Estaba encendiendo mi antorcha en una fogata cerca de la estatua de los Gemelos, cuando se me acercó un hombre que acababa de salir del templo. No llevaba el casco, y al volverme, con la antorcha encendida, vi que era Lisias. Le había visto anteriormente, cubierto con su armadura, haciendo ejercicios con la caballería.

—¿Has encontrado a tu padre, hijo de Miron?

Le di las gracias y contesté afirmativamente. Lisias permanecía inmóvil, junto a mí, lo cual casi me hizo pensar que había salido del templo con el propósito de hablarme; pero sólo dijo: «Bien» y volvió a subir las gradas.

Al día siguiente no se tuvieron más noticias del enemigo y las tropas regresaron a sus casas.

La próxima tempestad que sacudió a la Ciudad concernía a Alcibíades.
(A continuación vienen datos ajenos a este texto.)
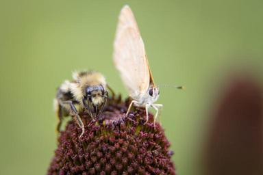 Keywords: animal insect Bee and butterfly on western coneflower; Neal Herbert; August 2014; Catalog #19693d; Original #4090 Bee and butterfly on western coneflower; Neal Herbert; August 2014; Catalog #19693d; Original #4090
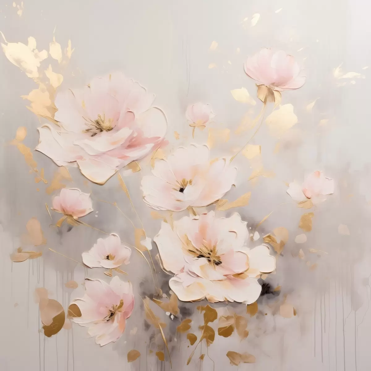 Poster Rosa elegante Blumen im Malstil Nr f43372
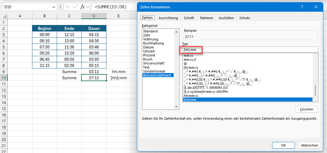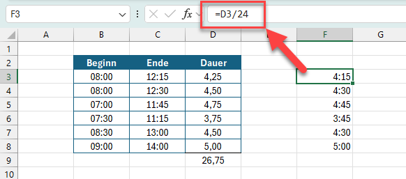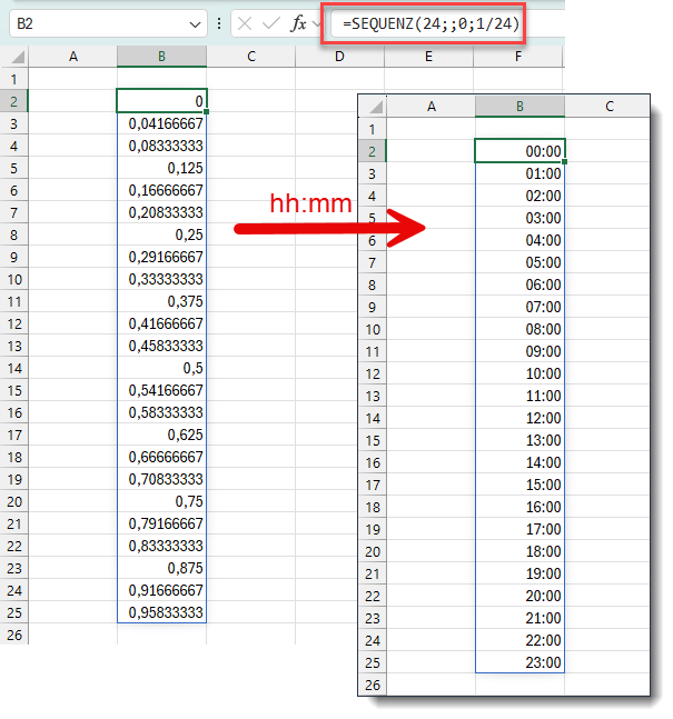 Das erzeugt zunächst eine Liste mit Dezimalzahlen. Mit dem benutzerdefinierten Zahlenformat hh:mm werden daraus aber Zeiten:
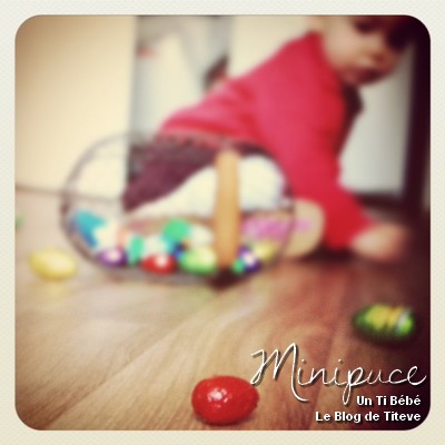 Malgré tout, c’est avec application que notre chasseuse d’oeufs en herbe s’est appliquée à remplir son panier ! C’est ensuite avec gourmandise qu’elle a goûté au doux chocolat ! (ne pas en abuser… car pas très bon pour elle du haut de ses 13 mois). En attendant de vous lire et de vous annoncer demain les résultats du jeu organisé ici et ailleurs depuis quelques jours, je vous propose de découvrir quelques photos de la chasse aux oeufs de Minipuce ! SA PREMIERE CHASSE AUX OEUFS !
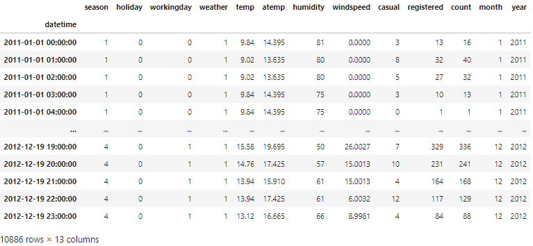 - www.kaggle.com/c/bike-sharing-demand/data?select=train.csv에서 데이터를 다운받아서 csv를 읽어오면 다음과 같이 데이터가 열린다.

Apenas acababan de desaparecer las velas en el horizonte, cuando nuevos delatores aparecieron. La historia de la reunión en Eleusis fue contada en su totalidad. Incluso se encontró a la mujer, cuyo nombre sería sacrílego insinuar (que hagan sus suposiciones los Nacidos Dos Veces; acertarán), induciéndosela a declarar.

Cuando el rostro de Alcibíades no podía verse, ni su voz oírse, todos comprendieron la locura de confiar el ejército a semejante hombre.

Por tanto, se mandó a la Salamirna, la galera estatal, en busca de él y de su amigo Antioco, el piloto, que había asimismo sido denunciado. Sin embargo, no debía ser apresado, para evitar nuevos disturbios con los marineros y los argivos. El trierarca de la Salaminia debía ofrecerle cortésmente el juicio que él mismo había pedido, y llevarle a la Ciudad en su propio barco.

Recuerdo que el día del decreto, al regresar a casa, encontré a mi padre junto al armario grande, con una copa de vino pintada en la mano. La usaba raramente, pues era muy valiosa, y una de las más hermosas piezas que salieron de las manos del maestro Baquios.

Esmaltado en rojo sobre negro veíase a Eros persiguiendo a una liebre; a un lado llevaba la inscripción MIRON, y en el otro ALCIBIADES.

Mi padre le daba vueltas en la mano, mirándola como un hombre con dos pensamientos. Pero cuando me vio, la guardó nuevamente en el armario.

En la Ciudad sólo se hablaba de Alcibíades. En la calle, en la palestra, en los mercados, recordaban su insolencia y su desenfreno.